Считаем слова, символы и токены в целом и в среднем на один приговор

In [None]:
from nltk.tokenize import word_tokenize

word_counts = [len(word_tokenize(text)) for text in cleaned_df["cleaned_text"]]
avg_words = sum(word_counts) / len(word_counts) if word_counts else 0
median_words = sorted(word_counts)[len(word_counts) // 2] if word_counts else 0

print("Среднее количество слов:", avg_words)
print("Медианное количество слов:", median_words)

In [None]:
from nltk.tokenize import word_tokenize

unique_token_counts = [len(set(word_tokenize(text))) for text in cleaned_df["cleaned_text"]]

avg_unique_tokens = sum(unique_token_counts) / len(unique_token_counts) if unique_token_counts else 0

sorted_tokens = sorted(unique_token_counts)
median_unique_tokens = sorted_tokens[len(sorted_tokens) // 2] if unique_token_counts else 0

print("Среднее количество уникальных токенов:", avg_unique_tokens)
print("Медианное количество уникальных токенов:", median_unique_tokens)

In [None]:
char_counts = [len(text) for text in cleaned_df["cleaned_text"]]

avg_chars = sum(char_counts) / len(char_counts) if char_counts else 0

sorted_chars = sorted(char_counts)
median_chars = sorted_chars[len(sorted_chars) // 2] if char_counts else 0

print("Среднее количество символов:", avg_chars)
print("Медианное количество символов:", median_chars)

In [None]:
def lexical_measures(text):
    tokens = word_tokenize(text.lower())
    types = set(tokens)
    N = len(tokens)
    V = len(types)
    
    if N == 0:
        return {'TTR': 0, 'RTTR': 0, 'CTTR': 0, 'Herdan_C': 0}
    
    try:
        herdan_c = math.log(V) / math.log(N) if V > 1 and N > 1 else 0
    except ZeroDivisionError:
        herdan_c = 0

    return {
        'TTR': V / N,
        'RTTR': V / math.sqrt(N),
        'CTTR': V / math.sqrt(2 * N),
        'Herdan_C': herdan_c
    }
cleaned_df = cleaned_df[cleaned_df["cleaned_text"].str.strip().astype(bool)]

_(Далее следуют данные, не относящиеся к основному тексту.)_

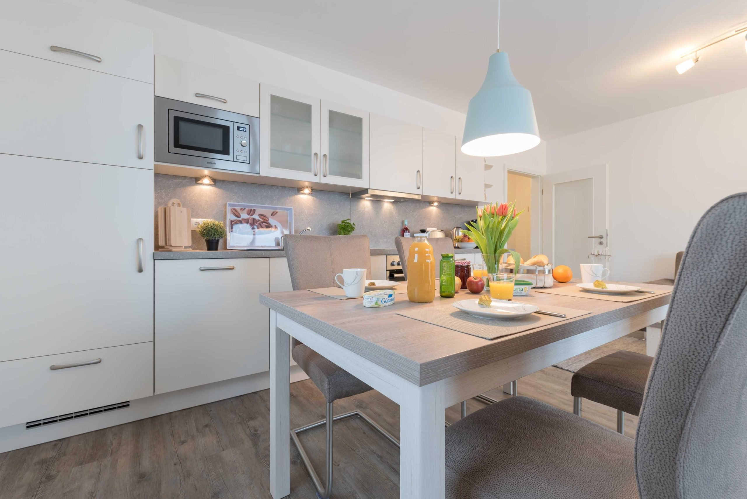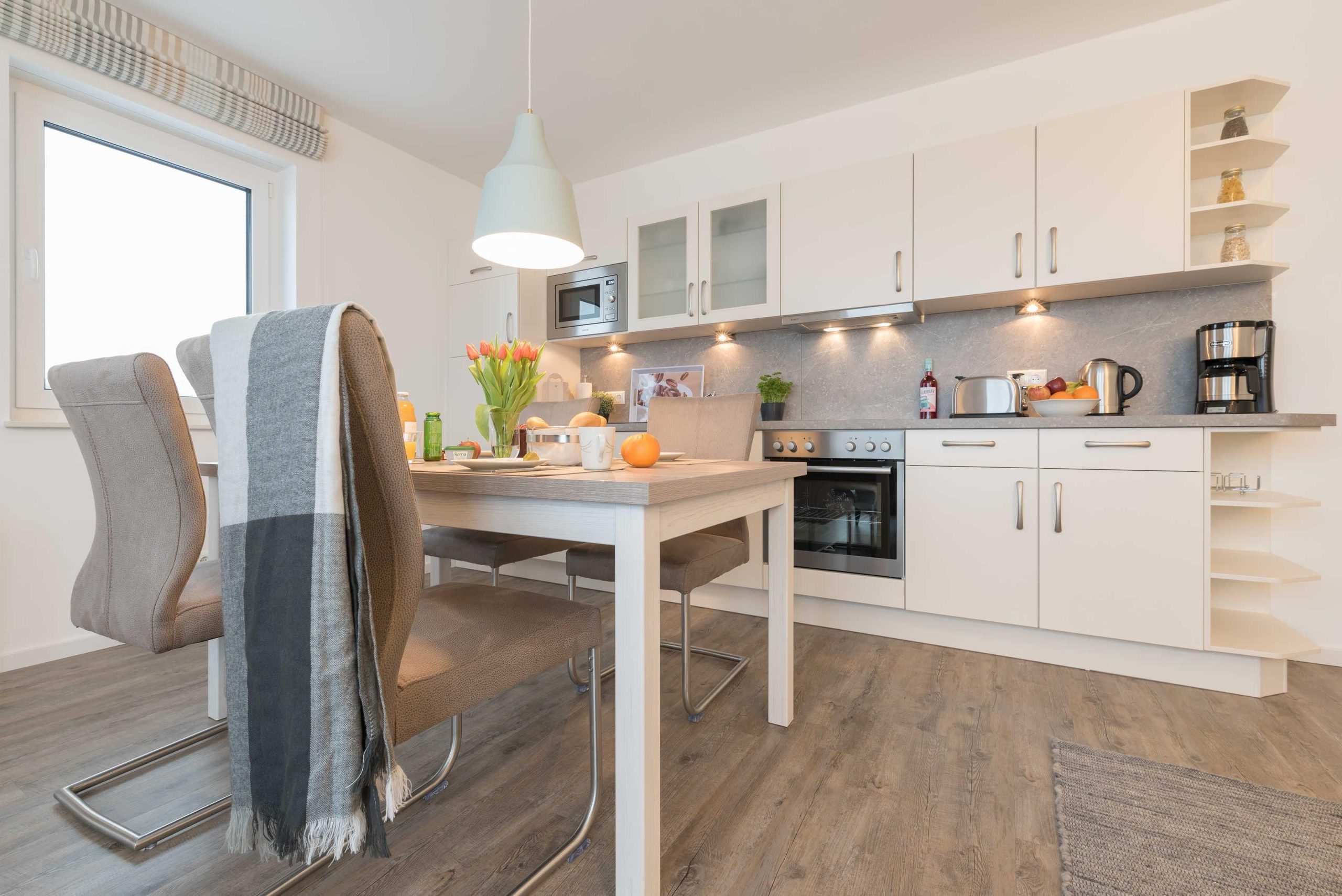zwei großzügige Schlafzimmer, ein Wohn-Esszimmer mit offener Einbauküche, ein

metrics = cleaned_df['cleaned_text'].apply(lexical_measures)
metrics_df = pd.DataFrame(metrics.tolist())
cleaned_df_with_metrics = pd.concat([cleaned_df, metrics_df], axis=1)

In [None]:
#Усредняем по датафрейму
avg_metrics = cleaned_df_with_metrics[['TTR', 'RTTR', 'CTTR', 'Herdan_C']].mean()

print("Средние значения по корпусу:")
print(avg_metrics)

Сохраняем в csv

In [None]:
cleaned_df.to_csv('cleaned_df.csv', index=False)